Why Yahoo’s telecommuting ban is still bad for business

Last week, Yahoo CEO Marissa Mayer was interviewed at the Wired Business Conference on a range of topics, but the question on everyone’s mind (including interviewer Steven Levy) was her impossibly unpopular edict against telecommuting.

I surely don’t have to rehash what happened when Mayer enacted the New Law against working from home. It was eventually reported that she allegedly caught wind of it when she determined people weren’t logged into the company VPN for enough hours of the day to be “working.” The backlash has sparked a furious debate on the merits of WFH, and whether Mayer has it right or is simply another victim of CEO paranoia, convinced her employees are “ripping her off” by slacking when they should be grinding out work at their desks.

Last week Mayer attempted to clarify her position, arguing that it had been misinterpreted and that Yahoos can still work from home, provided it is at night or on the weekend. (Hey, thanks!) She then gave an example of how a new mobile app called Yahoo Weather (it tells you the weather) came to be.
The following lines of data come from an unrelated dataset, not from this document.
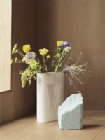Ridge Vase presenterer en ny måte å vise blomster gjennom sitt skulpturelle uttrykk sammen med en kunstnerisk karakter når de ikke er i bruk. Designet har ekstra funksjonalitet gjennom sin raffinerte bukke, slik at blomster kan stå stående mens de også fungerer som et subtilt håndtak når du flytter vasen fra et rom til et annet.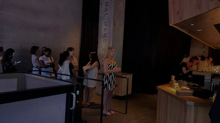 The food and ambience is just OK for me. I feel like you can just get a $3.50 onigiri (rice ball) from a Japanese Supermarket & have a similar experience. This is a nice fast, fancy-but-quick and casual restaurant concept but I didn't find anything special about it or that I would wait in line for. I got the $19 hand roll set (flat rate, no tipping establishment). The set comes with tuna, scallop, and crab. (I overheard that they were out of seabream for the night, but can substitute anything with salmon.) I was in the area around 7:30 PM on a Saturday and noticed that there wasn't any line & went in to take a look. They have a small ramp - good design to accommodate a queue. About five couples, and one group of three were in line ahead of me. The hosts went around, asking how many people everyone had and I was actually seated within a few minutes - between 2 groups of 3 at the front of the restaurant. It's a VERY tight seating arrangement - and I'm petite & very thin, similar sized females on both sides of me. Not sure if this is to encourage fast dining. I don't see many regular-sized adults being comfortable there and you don't have much personal space. The stools are a little bit high, with a foot rest. It would be great if they had a hook underneath the bar for purses or bags. I sat eating with my bag on my lap because I didn't want to put it on the floor. My neighbors had theirs on the floor under their feet. There was literally no space to put a bag between you and the next stool, without that person getting up and stepping on it.My "waiter" greeted me from across the counter, and explained a few specials. It's all a bit awkward & tight and you hear all the conversations (very NYU college crowd). The female chef is right in front of you making all the rolls, quickly filling orders with 2 to 3 waitstaff/hosts crammed behind her.The rolls came out at a nice pace, but the activity behind the counter that you're facing makes everything seem rushed. She she goes down the bar line one-by-one placing them. The rolls themselves were fresh, the seaweed crispy. But I didn't find much seasoning on the rice, the mashed tuna was a bit too mushy for me. The scallop was the best one but lightly dressed in mayo. And the crab was just a (fresh) crab salad with too much mayo. The fresh pickled ginger was a nice contrast between bites. It's funny seeing the people next to me with huge dishes of soy sauce, drowning their rolls in it, and later ginger...The hot rice made half the seaweed soggy and leathery pretty quickly. You have to eat everything fast for that textural contrast. Overall, I found each of the separate ingredients in the hand rolls, fresh but not very flavorful or anything special besides the scallop. The seaweed kind of hides all the flavors because with each bite, it wraps around it like a burrito. I think I'd rather have this as sushi. I was full with the 3 rolls, like a light summer dinner.The restaurant is extremely dark and half of the space is covered with a giant black curtain. It feels a bit like a stage set. There's a door for the restrooms that leads to a back hallway with maybe one or two single restrooms. I saw a short line of people and didn't wait. I don't know if this is just something the hospitality field does, or recent years have brought on stress for workers; but it's really odd when hospitality folks speak in accented English. Later on you hear them speaking to other people in perfect English. Are they playing the role of a foreigner serving guests? Or do they think I'm a foreign tourist, so I don't know any difference in language?Overall, both the food and the space feel like they're trying hard, but only halfway getting there. It's not anything super memorable.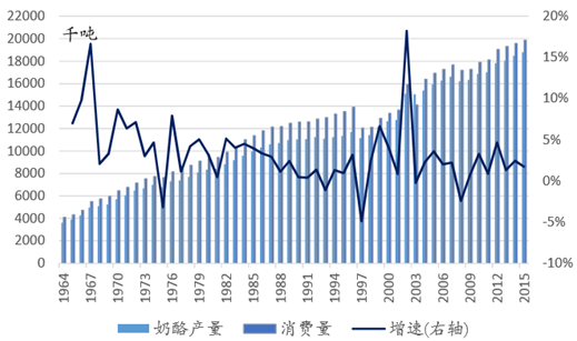 全球奶酪产量消费量仍在增长(右轴为产量增速)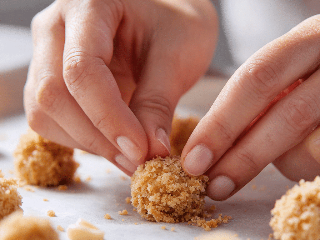 - Line a baking sheet with parchment paper. Scoop about a tablespoon of the crumb mixture into your hand and roll into balls, packing the mixture tightly. If the mixture is too crumbly, add 1-2 teaspoons more melted butter until it holds together. Place on the baking sheet and set aside.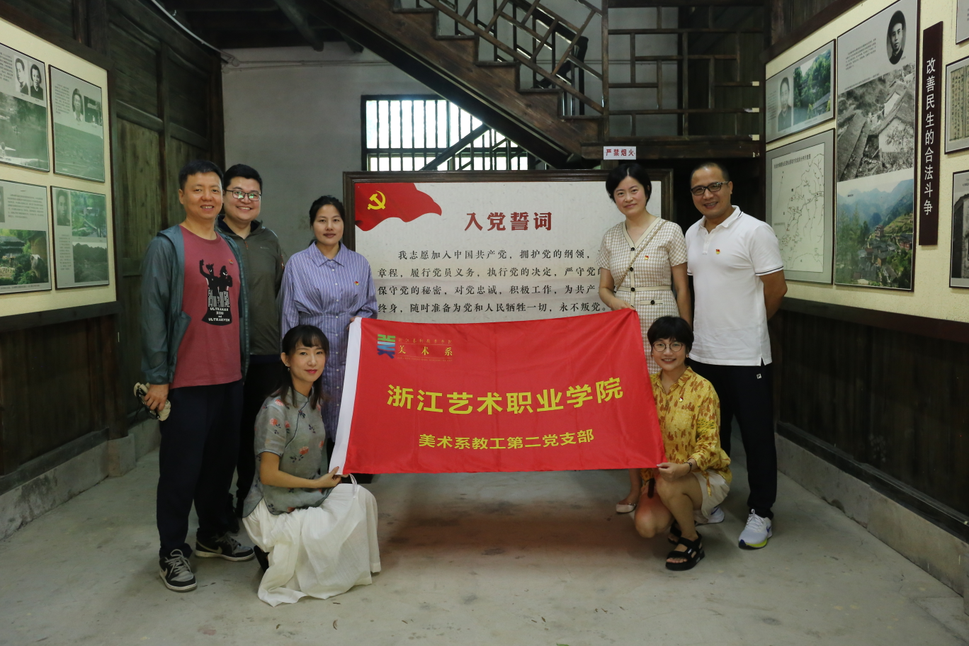 为庆祝中国共产党成立100周年,扎实有效开展党史学习教育,引导党员教师在学思践悟中赓续红色根脉,砥砺奋斗精神,增强基层党组织战斗力和凝聚力。7月12日,美术系党总支带领全体党员教师、教职工赴中共仙居县委旧址开展主题党日暨“红色寻访”实践教育活动。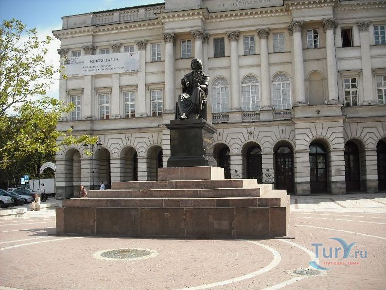 Памятник Николаю Копернику является одним из наиболее известных памятников в Варшаве. Памятник выполнен датским скульптором Бертелем Торвальдсеном. Скульптура, отлитая в 1822 году из бронзы, была установлена перед Дворцом Сташица на улице Краковское предместье в 1828 году. Высота статуи Коперника 28 метров. Скульптура изображает астронома сидящим и держащим в левой руке армиллярную сферу, а в правой руке - циркуль. В 1944 году во время Варшавского восстания памятник был повреждён. Монумент был снят с пьедестала и увезён для переплавки в пригородный посёлок Ныса. Но после окончания войны в 1945 году статую Николая Коперника нашли на свалке в пригородном посёлке, отреставрировали и установили его на прежнее место. Открытие восстановленного монумента состоялось 22 июля 1949 года. На пьедестале этого памятника великому учёному были высечены слова "Остановивший Солнце. Сдвинувший Землю". Сейчас на пьедестале с двух сторон нанесены надписи: с левой на латыни, с правой на польском языке, которые можно перевести как "Николаю Копернику от благодарных соотечественников". Памятник был установлен частично на общественные пожертвования, а частично на средства учёного, философа, католического священника и представителя польского Просвещения Станислава Сташица. В мае 2007 года на площади возле памятника была установлена модель Солнечной системы, которую увековечили в работе "О вращении небесных сфер". В Варшаве есть второй памятник Николаю Копернику, который был выполнен по проекту Луи Ницхова. Памятник установили у главного входа во Дворец Культуры и Науки в 1955 году. В 1967 году в Канаде по инициативе Евгения Барановского была выполнена копия памятника Николаю Копернику в Варшаве. Этот памятник установили в Монреале 12 ноября 1967 года на Всемирной выставке ЭКСПО-67. В наше время точная копия этого памятника установлена также и в Чикаго.

Yahoo’s newly collaborative environment, she said, made it possible for someone from the Weather team and someone from the Flickr team to encounter one another serendipitously on the Yahoo campus. And that’s the magic of how the app came to be.
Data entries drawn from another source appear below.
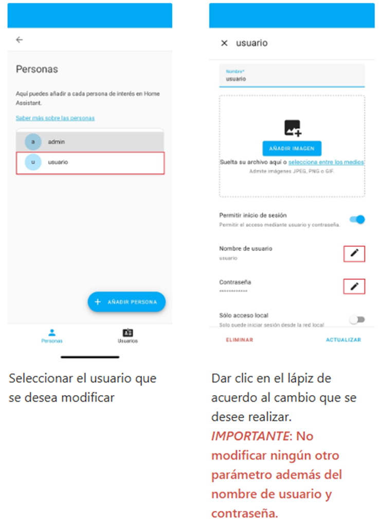 A continuación pordrás consultar la guía para poder realizar cambios de nombres de usuarios, contraseñas y eliminar usuarios en Home Assistant.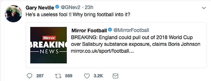 Гари Невилл назвал министра иностранных дел бесполезным дураком.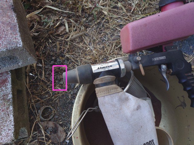 サンドブラストの先にプラグ用アダプタを付けて、赤枠にプラグを付けてサンドブラストします。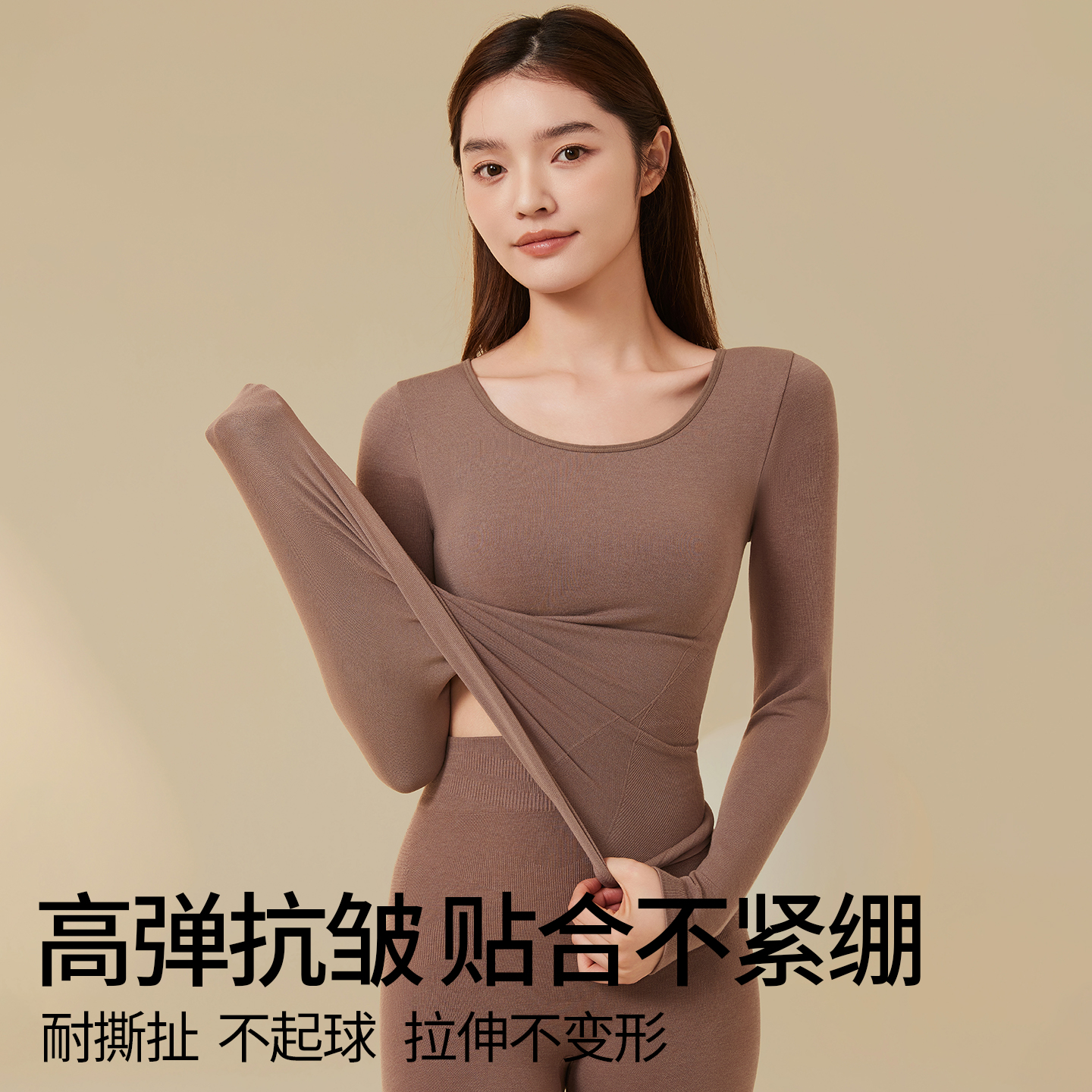 猫人粉底液隐形无痕秋衣秋裤女保暖内衣套装秋冬新款修身美体衣

But the most important thing Mayer said is that she isn’t particularly against telecommuting, just that it is “not right for us, right now.” She has a point. Telecommuting doesn’t work for 100 percent of companies 100 percent of the time, but the positioning is a little ironic given Mayer’s earlier decisions as CEO. As one of her first orders of business last year, she gave every employee a new smartphone. In her announcement to staff, she explained the generosity saying, “We’d like our employees to have devices similar to our users, so we can think and work as the majority of our users do.”